Cell Growth and Viability. For the growth determination, the cells were plated on a 24-well cluster plate at a density of 2 x 104 cells/well and cultured for 24 h to allow the cells to attach to the bottom of the plastic plate. The medium was replaced with fresh growth medium and then cultured with or without 4-methylcatechol for different periods. For the determination of cell viability, the cells were plated at a density of 5 x 104 cells/well and cultured for 48 h. The medium was replaced with the serum-free medium (DMEM containing 50 units/ml of penicillin, 50 µg/ml of streptomycin, and 50 µg/ml of gentamycin sulfate, 5 µg/ml of insulin, 5 µg/ml of transferrin, and 5 ng/ml of sodium selenite), and the cells were cultured for 24 h to arrest the cell growth and then treated with various concentrations of 4-methylcatechol for 24 h in the serum-free medium.
Cell growth and viability were determined by measuring the amount of
neutral red taken up into the cells as reported previously
(Fautz et al., 1991;
Morita et al., 1999;
Morita and Wong, 2000).
Briefly, the cells were washed with saline solution and incubated in 0.5 ml of
DMEM containing neutral red (50 µg/ml) for 2 h in a humidified incubator.
Then, the cells were washed with saline solution and extracted with acidified
ethanol solution (50% ethanol/1% acetic acid) for 20 min at room temperature
with constant gentle shaking. The amount of neutral red taken up into the
cells was spectrophotometrically determined by measuring the optical density
at 540 nm, and the cell viability was calculated as a percent of the
control.
Cell viability was also determined by measuring the amount of total
protein. The cells were cultured for 24 h as described above, washed with
saline, and then dissolved in 0.5 ml of 1 M NaOH for 20 min at room
temperature with gentle shaking. The amount of total protein in an aliquot of
the extract was determined by the method of Bradford
(Bradford, 1976) using bovine
immunoglobulin G as a standard.
Numbers of viable and dead cells were determined using a trypan blue dye exclusion method. Briefly, the cells were cultured on a 35-mm dish and exposed to 4-methylcatechol in the growth medium. Both attached and floating cells were collected by trypsinization, and an aliquot of the cells were mixed with an equal volume of trypan blue solution. The cells excluding dye (viable cells) and those taking up dye (dead cells) were counted in duplicate using a hemocytometer, and the numbers of these cells were expressed as the percent of total cell number.

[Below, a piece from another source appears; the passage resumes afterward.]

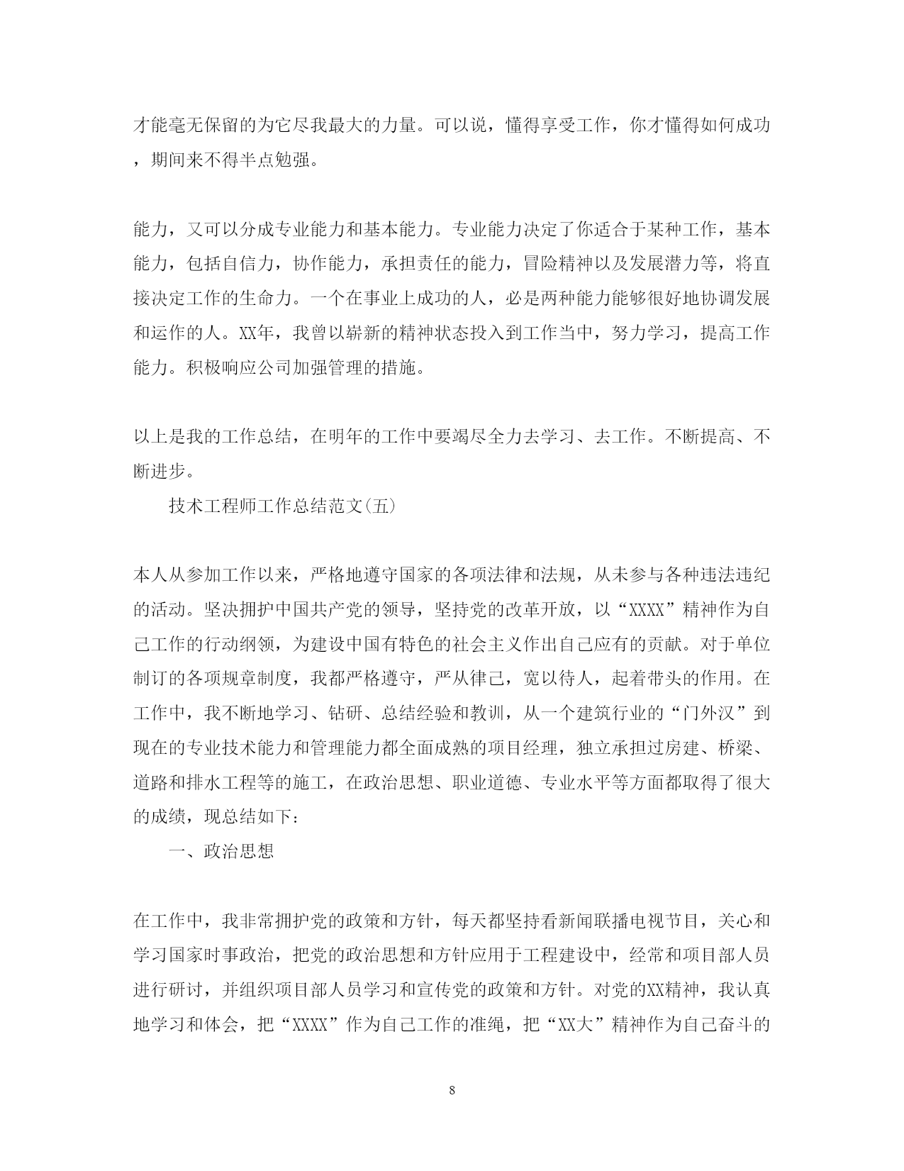 此资料由网络收集而来,如有侵权请告知上传者立即删除。资料共分享,我们负责传递知识。PAGEPAGE10技术工程师个人工作总结技术是在劳动生产方面的经验、知识和技巧,也泛指其他操作方面的技巧。以下是范文网小编为大家精心整理的技术工程师个人工作总结,欢迎大家阅读,供您参考。技术工程师个人工作总结(一)自xx年6月来到xx项目部参加工作,至今已一年有余。这一年来,一直在项目部担任技术员一职,先后参与建设了xx工程、xx大修改造工程、xx工程,通过这几个工程现场实践工作的锻炼,得益于项目部领导的关心培养和同事们的热心帮助、谆谆教导,我已逐步成长为一名合格的技术员。作为一名刚参加工作的技术员,我将工作定位为协助好技术负责人的工作和不断的自我学习充实,在参与建设的工程中,除了协助技术负责人编制项目质量计划、施工方案、作业指导书、技术交底,并负责进场原材料的取样送检、工程技术资料的编制,和施工员一起进行现场质量检查,以及施工测量工作。在工程施工过程中,我一直以积极的心态认真地对待自己的工作,在从事的各项工作中,都能尽职尽责,以求完满的完成工作任务。“不要急于出成绩,埋下头来干工作”,是我常拿来提醒自己的警言,提醒自己不要好高骛远,而要脚踏实地,多干实事,在实践中检验自己的知识并获得施工现场的经验累积。一年来的现场工作更使我深深明白,在学校学习的东西和自己翻看规范、规程死记硬背的知识远不如实际经历过的记得牢固,而且好多学问更是书本里学不来的,完全是凭自己的经验。在这一年来的时间里,我一直在多看,多学,碰到施工现场的做法与书本里不一样的地方及时的向专业工长和施工班组长请教,尽管很多时候得不到理论上的解释,但是却是很好的经验。刚工作时觉得技术资料工作、测量工作,质量检查工作都比较简单,而实际上却学问大着,一直觉得自己会,而实际操作起来才发觉自己的不足,时常事倍功半,缺乏效率。现在实践操作多了,方法掌握了,经验有了,才得心应手起来。比如说测量,重要的是要抓好其关键工作,个人认为,测量关键性的工作一是选择施测方案,二是一定要进行复测以避免人为错误。一年来的从事工程施工工作,在不断的取得进步,自己的专业知识得到了长进和加深,工作能力,包括组织协作能力、管理能力和应变能力都得到了很大的提高,更重要的是获得了宝贵的工作经验的积累。一年来的工作表现也得到了项目部领导和同事们的认可,在今后的工作中,我将以百倍的热情迎接新的挑战,在学习中进步和成熟起来,为项目部的发展贡献自己的力量。技术工程师个人工作总结(二)时光匆匆,转眼之间已经毕业三年了。在xx公司工作也已经有二年多的时间了,由于工作的需求和提高自己的技术水平,我进入xx配电设备有限公司技术部学习和工作。在xx公司工作至今两年多,已经成长为一名合格的电气工程师。刚进公司时,必须去电气车间实习。期间主要是熟悉产品,为以后的设计打基础。实习结束后,我正式进入技术部工作。刚开始时,主要负责设计小箱、pgl、ggd、一些比较标准的xgn36(15)-12等一些小订单,通常数量在几台,或者产值不超过10万的订单。这段时间跟着总工和老工程师学习,晚上培训专业技能和基础知识,然后在订单上检验学习成果。这段时间的学习和工作给我留下了深刻的印象和影响。一些比较标准的工程订单,如星三角降压启动、全压启动、自耦降压启动、电机正反转等,这些都是在学校学习过的,但当时印象不深,做了这些电动机控制的项目后,将以前的理论和实际结合在一起,能够举一反三,设计出有自己风格的控制产品。比如温度控制箱、瓦斯控制箱、路灯控制箱等等。这类产品主要遇到的问题就是元器件的布置摆放,直接影响到箱体或柜体的外型尺寸,以及电缆走向。一旦不细心,用户在安装、使用过程中就会遇到大量的问题。做这类产品时,必须要细心,多去现场和客户沟通,了解客户意图后,最好能设计出大概的布置图和外型图给客户确认。随着经验的增长,开始做比较大套的gck、通常数量在几十台或上百台,产值通常超过五十万元,甚至百万元。主要功能单元有:计量柜、进线柜、电容补偿柜、馈电柜、市发电转换柜、联络柜。计量柜基本每两年广东电网xx供电局会提出新的要求,通常提出新要求的一个月内,出现问题的情况是最多的。比如以前要求315kva及以上的变压器要求装设两组电流互感器、一个有功表、一个电子表,采用低压计费的方式。而现在为一组电流互感器、一个有功表,必须装10kv高压计量柜,采用高压计费方式。一旦不注意这个问题,出货到现场通不了电,通不过验收,现场改造工程量很大,而且会给公司带来负面影响。gck常用的馈电单元为抽屉柜,是国内较为先进的一种柜型。通常需要注意的是负载中是否有“非消防必保负荷”,这样的负荷在火灾时必须要停电,防止事故扩大。通常在塑壳断路器加装一个dc

Apoptotic Cell Damage. For the fluorescence cytochemical study, the cells were plated on a poly-D-lysine-coated 35-mm culture dish at a density of 1 x 104 cells/dish and treated with 4-methylcatechol for 24 h as described above. The medium was removed by aspiration, and the cells were rinsed with phosphate-buffered saline and fixed with methanol/acetic acid solution (3:1) for 1 h at room temperature. The fixed cells were incubated in fluorescence dye solution (5 µg/ml of propidium iodide and 50 µg/ml of acridine orange in phosphate-buffered saline) for 1 h at room temperature and then examined by an inverted fluorescence microscope.
For the DNA fragmentation analysis, the cells were plated on a 60-mm
culture dish at a density of 5 x 105 cells/dish and treated
with 4-methylcatechol for 24 h as described above. The cells attached at the
bottom were scraped off and collected together with unattached cells by
centrifuging at 1500g for 5 min at 4°C. The DNA was prepared from
the pelleted cells and applied to a 1.8% agarose gel containing 0.5 µg/ml
of ethidium bromide for the electrophoretic DNA analysis as described
previously (Morita et al.,
1999; Morita and Wong,
2000).
For the caspase-3 assay, the cells were plated on a 24-well cluster plate
at a density of 5 x 104 cells/well and treated with
4-methylcatechol for 6 h as described above. The medium was removed, and the
cells were rinsed with ice-cold saline and then lysed with the extraction
buffer [50 mM Tris-HCl (pH 8.0), 5 mM EDTA, 150 mM NaCl, and 0.5% Nonidet
P-40] followed by a freeze-thaw cycle. The lysate was passed 20 to 25 times
through a blue pipetter tip and then centrifuged at 150,000 rpm
(20,000g) for 20 min at 4°C. The caspase-3 activity in the
supernatant fraction was then determined as reported previously
(LaRue et al., 2000). An
aliquot (50 µl) of the supernatant fraction was mixed with 150 µl of the
reaction buffer (20 mM HEPES, 10% glycerol, and 2 mM dithiothreitol)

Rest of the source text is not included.